5. Nader Sah Afsar, Shah of Persia
A) 5/5 B) 1/5 C) 3.75/5 D) 4/5 E) 5/5                                                   Total: 18.75/25

An unsung great commander of the Kabinettskriege age, Nadir Shah was truly an exceptional commander. Nadir won the vast majority of the battles which he commanded, as a result of unorthodox tactical system he employed. Starting from a local commander with a few hundred warriors, he built a army of men who employed linear tactics and firepower, rather than missile cavalry, to achieve its goals. In every way the heart of the force were Nadir's Jazareychi, who used heavy muskets weighing close to 40 pounds, and firing a 94 caliber ball, much more on the order of European wall guns. Nadir's use of firepower, mixed with cavalry on the wings of his formations allowed him to conquer an impressive empire, stretching from an Armenia to Pakistan. At the time of his death in 1747, Nadir led the largest army in the world, numbering 375,000 men. His murder by his officers led the the swift collapse of his empire, leading to a number of historians to compare him with Alexander the Great. This swift collapse accounts for his score in criteria B), his assassination by ambitious officers and brutality in later years account for C). In most other aspects, Nadir Shah was one of the most respected commanders of the age, and was  admired by philosphes and military theorists throughout Europe and the world.[1]

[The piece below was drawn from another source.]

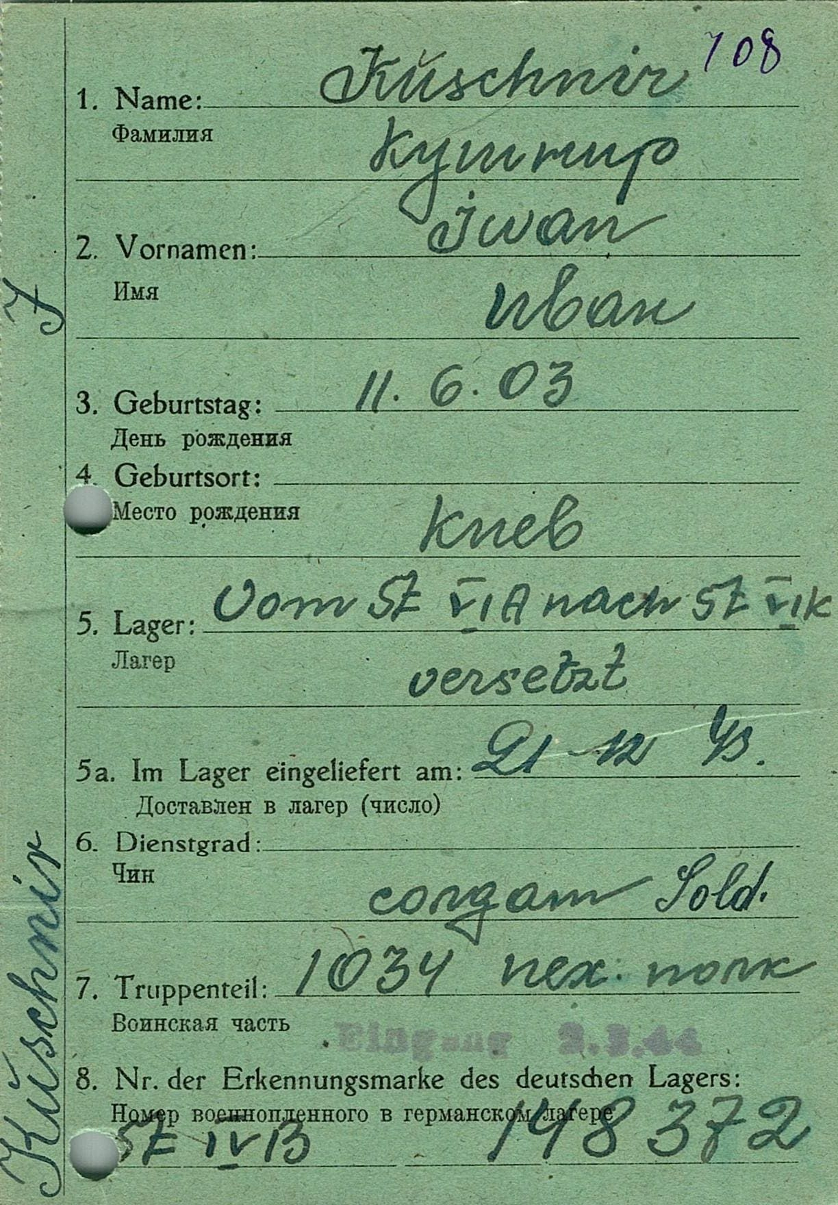 Военнопленные, трофейные карточки. Киевская обл.

Maurice de Saxe (1696-1750).PNG

4. Maurice de Saxe, Marshal of France
A) 5/5 B) 3/5 C) 3/5 D) 4/5 E) 4/5                                                           Total: 19/25
The greatest French military mind between Turenne, Villars, and Napoleon, Maurice de Saxe showed incredible military wisdom in his repeated defeats of British and Allied forces in the War of Austrian Succession. The victor of Fontenoy, Lauffeldt, and Roucoux, A lifelong soldier, he served under Prinz Eugene of Savoy, as well as Peter I of Russia in the late stages of the Great Northern War. Maurice came to the attention of Europe when he commanded the successful surprise attack against the city of Prague in September of 1741.In addition to the successful field battles named above, de Saxe assisted in the capture of Brussels, Bergen-op-Zoom, and Maastricht. Among eighteenth century generals, de Saxe stands out for his ability to capitalize on his successes in the field with consequent gains in terms of territory and fortresses. Dying early, at the age of 54, one wonders that the outcome of the Seven Years' War in Europe might have been different if he had lived another ten years. Despite the passage of two hundred and fifty years, his memoirs remain a fascinating piece of military theory. De Saxe will forever be one of the more romantic figures of eighteenth-century warfare, his legacy untainted by the mistakes of later years.[2]    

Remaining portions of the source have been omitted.